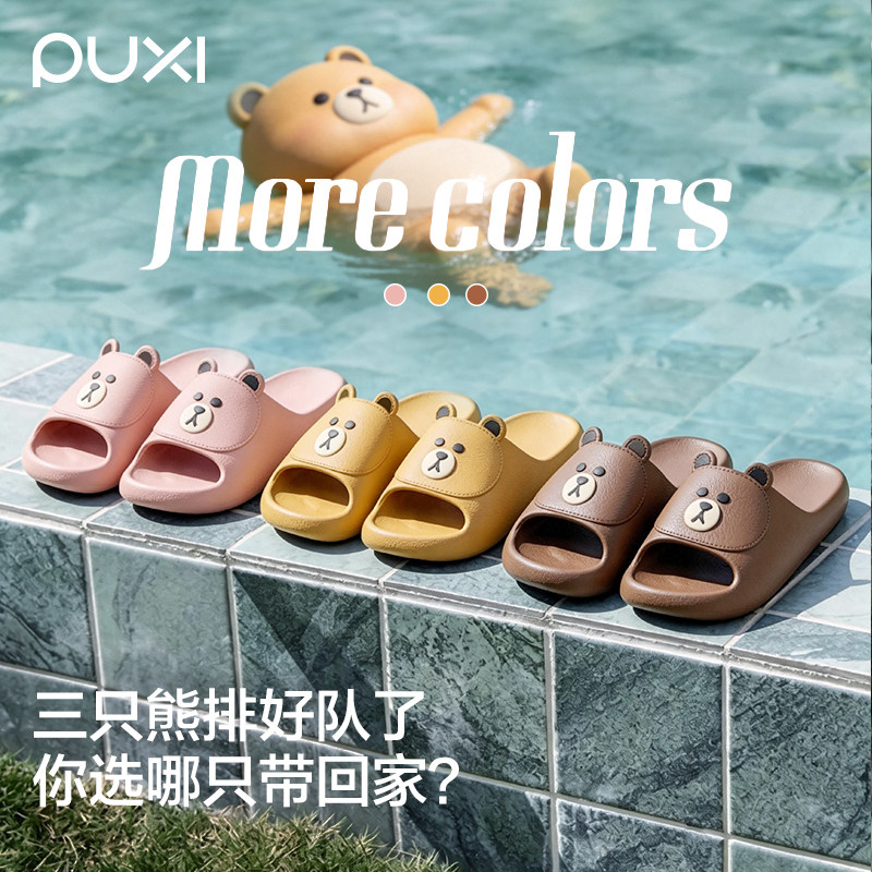 朴西新款小熊凉拖鞋女士夏季轻盈简约居家室内静音防滑情侣拖鞋男
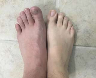 Далее лечение продолжили, но с гораздо более высокой концентрацией препарата. В результате, нога начала набухать и он даже не мог поставить ее на пол.
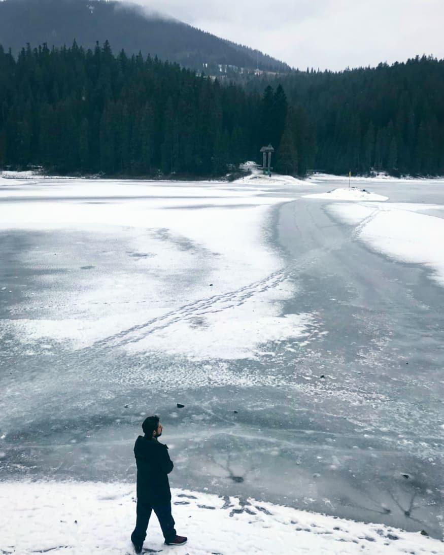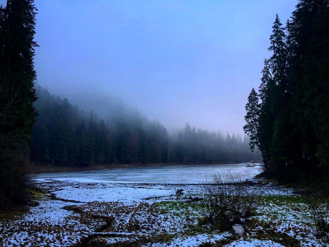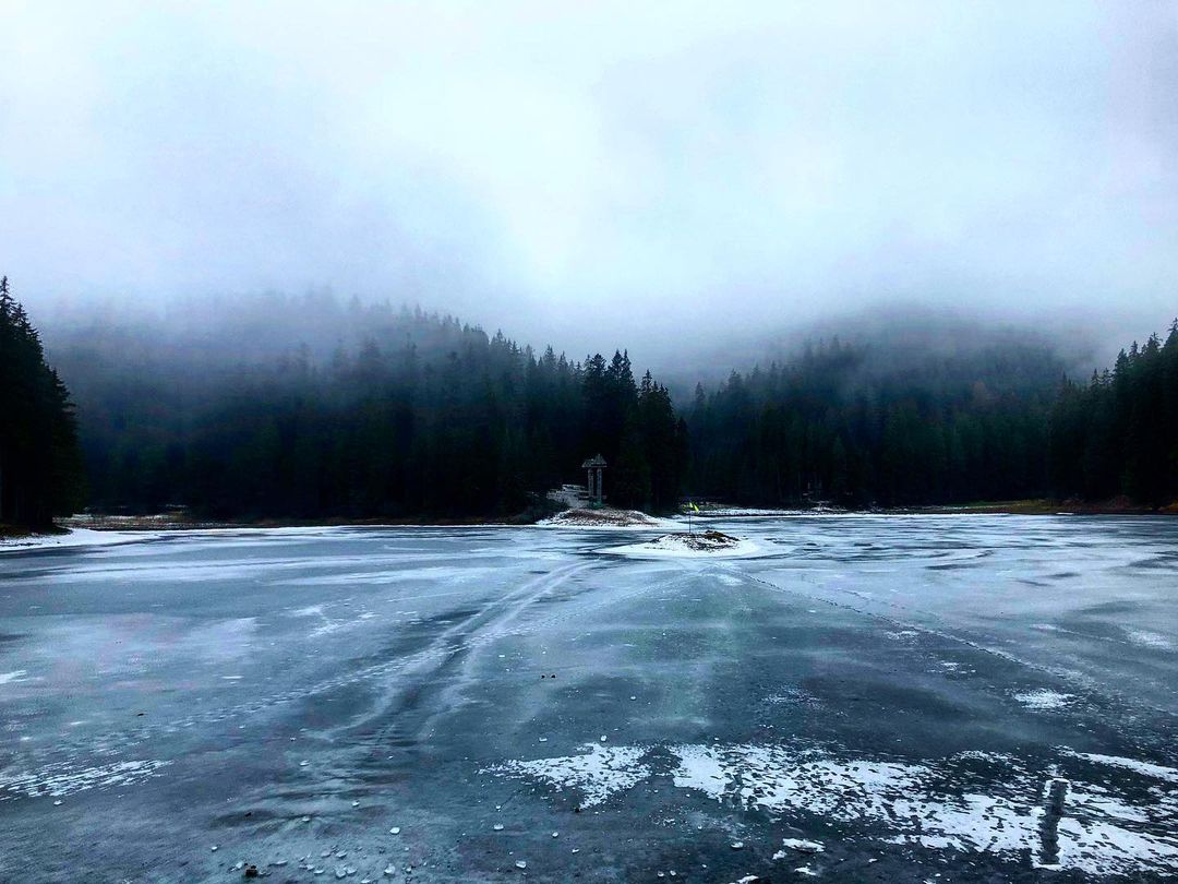 В украинских Карпатах ударили морозы, и крупнейшее горное озеро страны - Синевир - полностью замерзло.
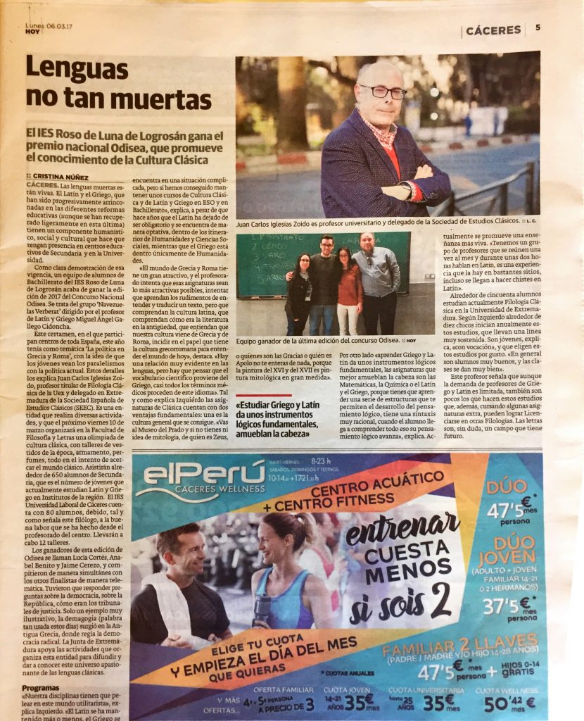 Como en otras ocasiones, os adjunto noticia en Diario HOY sobre Odisea 2017 y sobre actividades de la SEEC en Extremadura, como las Olimpiadas de Cultura Clásica del 10 de marzo.
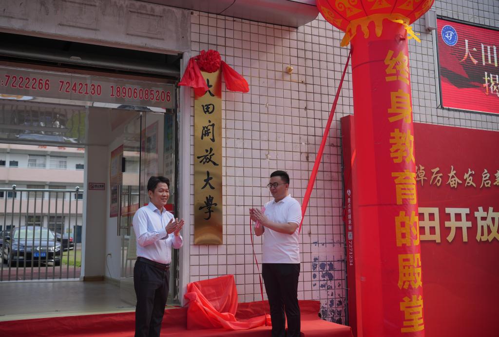 仪式上,福建开放大学校长吴国荣、大田县委常委张庚豫共同为大田开放大学揭牌。

**THE TASK:** Write out all the material above exactly, with no image carried over.

**EXERCISE RESULT:**
 朴西新款小熊凉拖鞋女士夏季轻盈简约居家室内静音防滑情侣拖鞋男
 Далее лечение продолжили, но с гораздо более высокой концентрацией препарата. В результате, нога начала набухать и он даже не мог поставить ее на пол.
 В украинских Карпатах ударили морозы, и крупнейшее горное озеро страны - Синевир - полностью замерзло.
 Como en otras ocasiones, os adjunto noticia en Diario HOY sobre Odisea 2017 y sobre actividades de la SEEC en Extremadura, como las Olimpiadas de Cultura Clásica del 10 de marzo.
 仪式上,福建开放大学校长吴国荣、大田县委常委张庚豫共同为大田开放大学揭牌。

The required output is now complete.